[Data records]
[Start of Attachment]

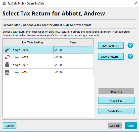 TaxCalc defaults the tax returns to be stored in the central database. If you’re using a standalone or network version, you have the option to store your returns either in a local database or in regular files. We do not recommend this as it may cause potential duplication of data, particularly if running a network version. To import any returns not saved in your database complete the following steps:
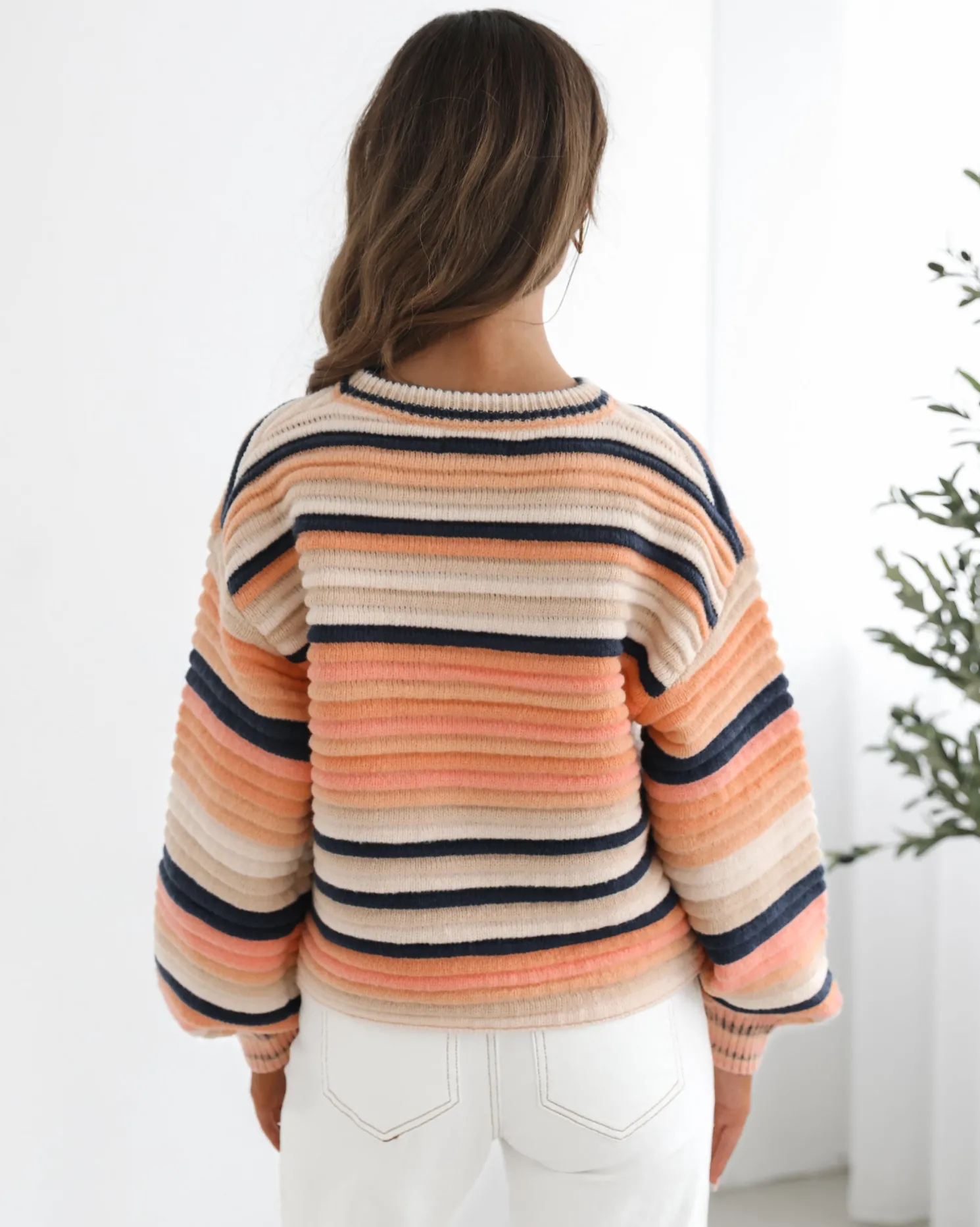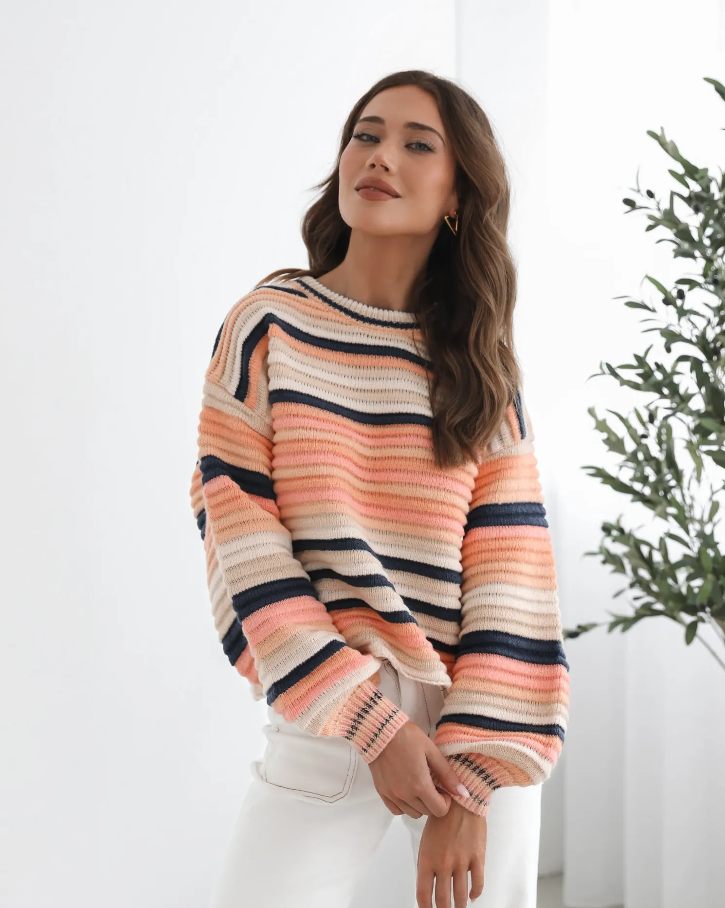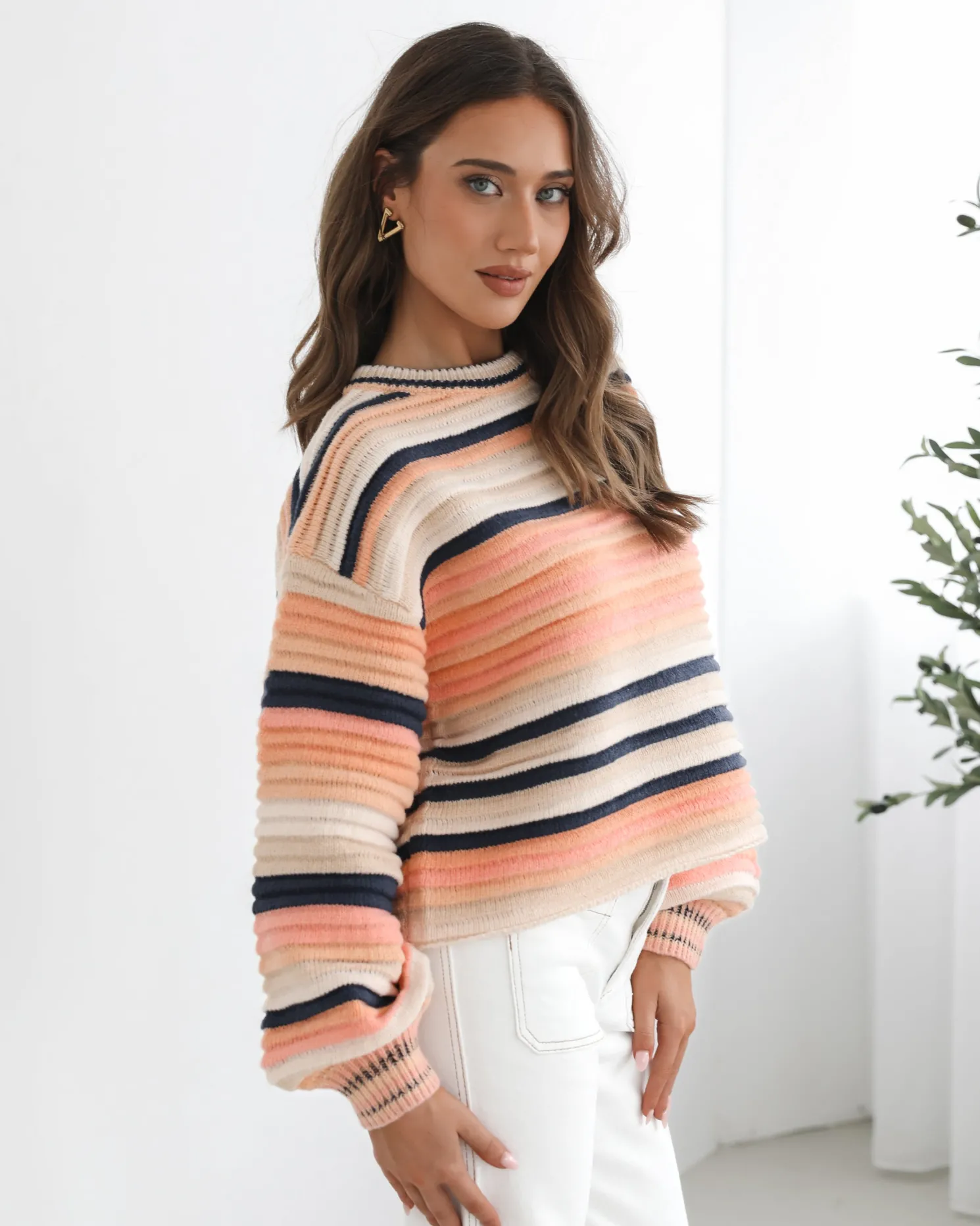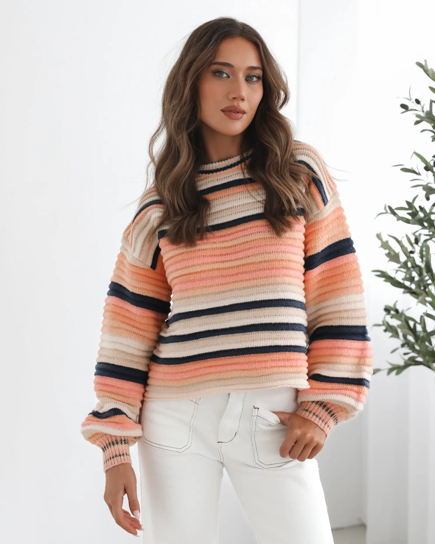 Our Valkyrie Knit comes in shades of pink, brown and blue. A harmonious blend of multi-colored threads, this top is designed with a round neckline, long sleeves and relaxed fit. Style with wide leg pants to look street chic!
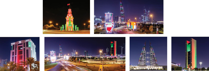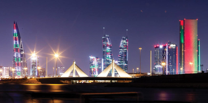 مباني البحرين تتزين بألوان العلم العماني احتفالا باليوم الوطني
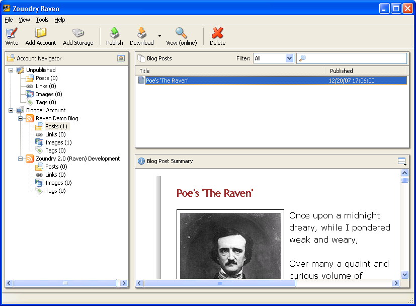 Zoundry Raven je přehledný a kvalitní WYSIWYG editor pro snadnou tvorbu blogů. Do vlastních blogů je kromě textů vkládat odkazy, fotografie, audio či video soubory a další objekty. Předností editoru je především snadné ovládání se který si poradí i méně zkušený uživatel a nutností není ani hlubší znalost HTML kódu.
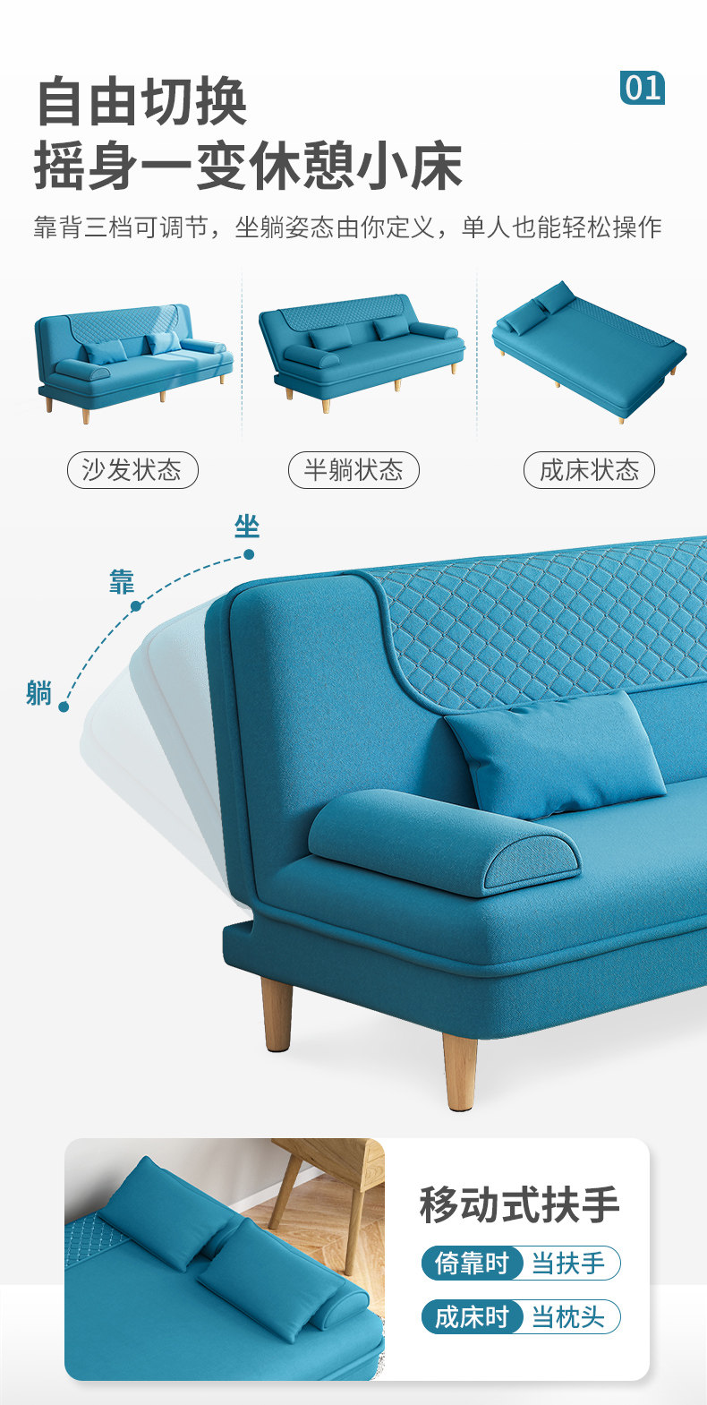 Ткань, современный и минималистичный складной диван для гостиной
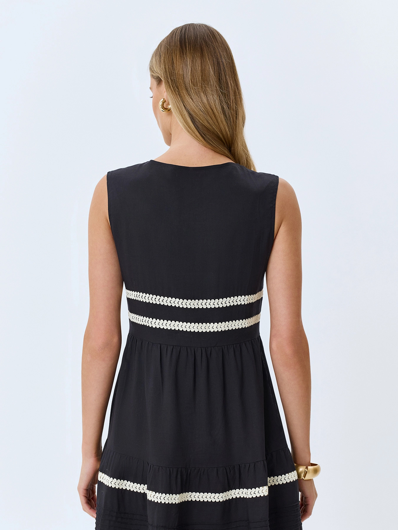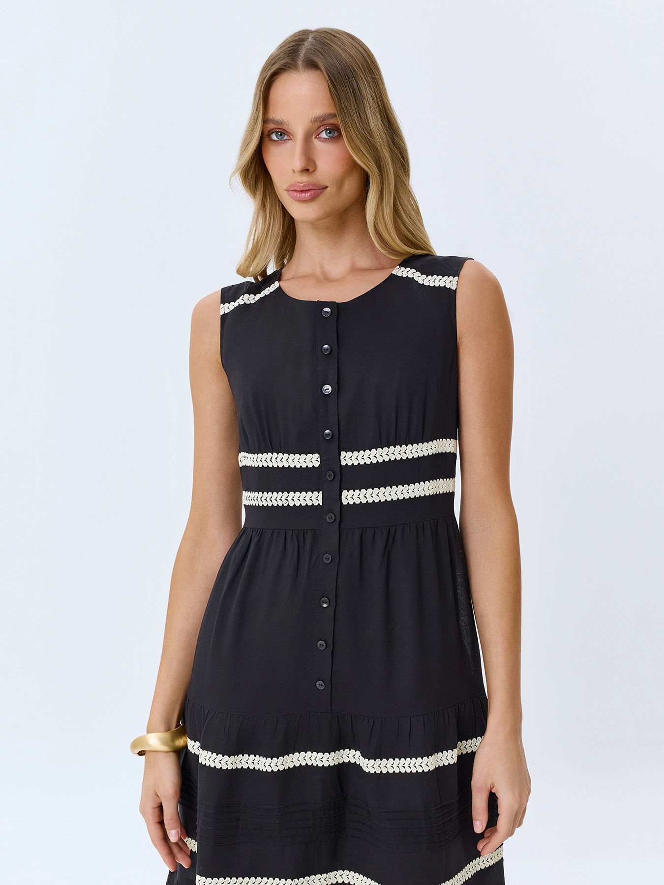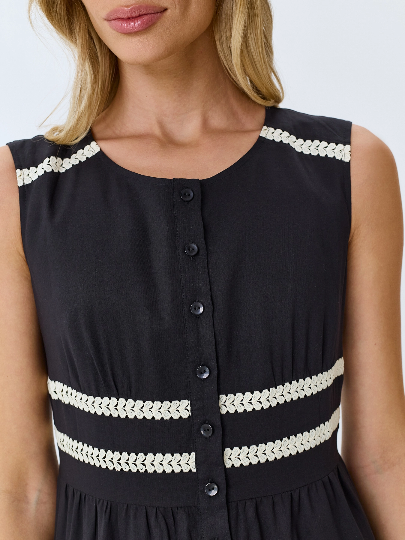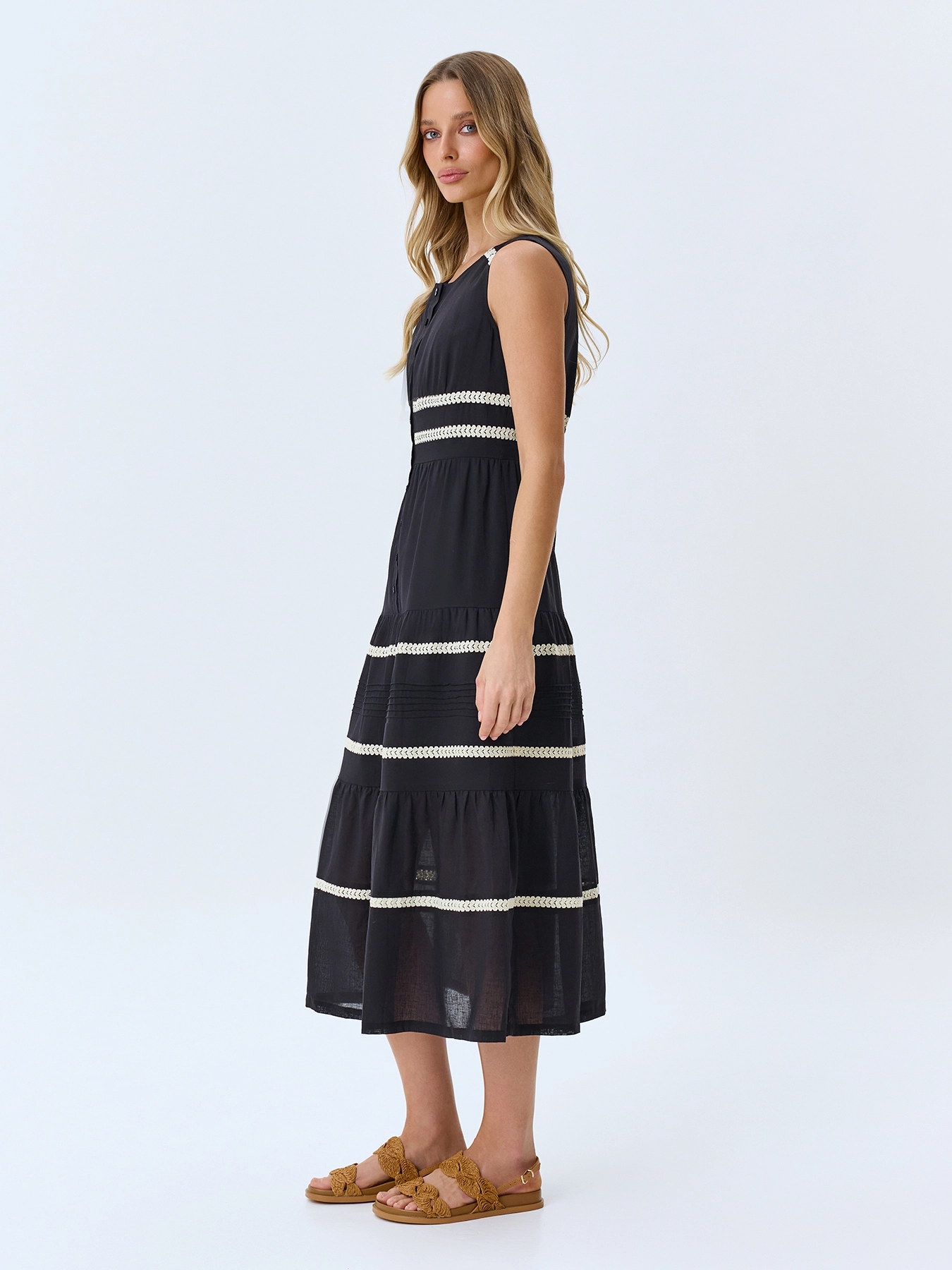 Летящее ярусное платье-миди из тенселя и льна. Свободный силуэт. Круглый вырез. Застежка на пуговицы. Юбка А-силуэта с ярусными оборками. Декорировано контрастной кружевной тесьмой. Подкладка из 100% хлопка.

[End of Attachment]

What you have to do | Exclude the pictures, and output exactly the lines from the one with "Our Valkyrie Knit" through the last line of the records, both included.

Written answer |
 Our Valkyrie Knit comes in shades of pink, brown and blue. A harmonious blend of multi-colored threads, this top is designed with a round neckline, long sleeves and relaxed fit. Style with wide leg pants to look street chic!
 مباني البحرين تتزين بألوان العلم العماني احتفالا باليوم الوطني
 Zoundry Raven je přehledný a kvalitní WYSIWYG editor pro snadnou tvorbu blogů. Do vlastních blogů je kromě textů vkládat odkazy, fotografie, audio či video soubory a další objekty. Předností editoru je především snadné ovládání se který si poradí i méně zkušený uživatel a nutností není ani hlubší znalost HTML kódu.
 Ткань, современный и минималистичный складной диван для гостиной
 Летящее ярусное платье-миди из тенселя и льна. Свободный силуэт. Круглый вырез. Застежка на пуговицы. Юбка А-силуэта с ярусными оборками. Декорировано контрастной кружевной тесьмой. Подкладка из 100% хлопка.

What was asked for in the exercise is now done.